In an attempt to develop the capability for predicting the reduction loss of NO3-N during leaching of nitrate fertilizers in an Oxisol field profile, a 2-cm pulse of Ca(NO3)2 solution containing 304 ppm of NO3-N was displaced through a 300-cm by 300-cm field plot saturated with water down to the depth of 55 cm. On the following day an identical pulse of NH4Cl solution containing 795 ppm of Cl was leached through the same plot. The results were analyzed by means of a convective diffusion type transport equation that incorporated an irreversible first-order sink term. The agreement between the observed and the theoretical breakthrough curves allowed the determination of the first-order reduction rate constant for NO3-N as 0.1 hour–1 at an average soil temperature of 34°C. Under these conditions, the recovery of added NO3-N in the leachate was 70% whereas that of Cl was 100%, approximately, when the two pulses moved past the 55-cm soil depth. The apparent diffusion coefficients for NO3-N and Cl were velocity dependent and ranged between 41 cm2 hour–1 to 80 cm2 hour–1, corresponding to the pore velocity range of 11.5 cm hour–1 to 17 cm hour–1. Although the present model was reasonably successful in predicting transport of ions undergoing microbial transformation in a natural soil, a more appropriate treatment should consider ion movement in stagnant and mobile phases in the soil pores in view of greater precision in working out the kinetics of biodegradable solutes.


NOTES

1 Contribution from the Dep. of Soils and Agric.
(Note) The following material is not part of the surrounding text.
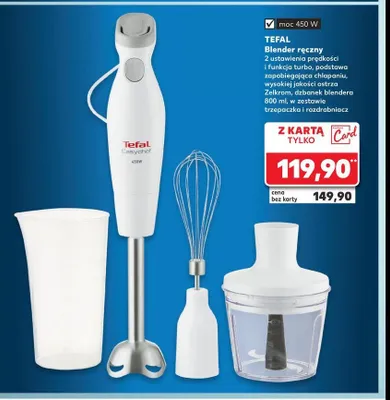Cena produktu r贸偶ni si臋 w zale偶no艣ci od wybranego sklepu. Niestety nie posiadamy danych o aktualnych promocjach, jednak w艣r贸d archiwalnych ofert Blender 450 w Tefal kosztuje od 119,9 z艂.

Chemistry, Orissa Univ. of Agriculture and Technology, Bhubaneswar-751003, India. Partial support in the form of a fellowship was received by the junior author from the Indian Council of Agric. Res., New Delhi.

2 Soil Physicist and Senior Research Assistant, respectively. Dryland Agric. Res. Proj., Orissa Univ. of Agriculture and Technology.

Received for publication January 9, 1976. Accepted for publication September 27, 1976.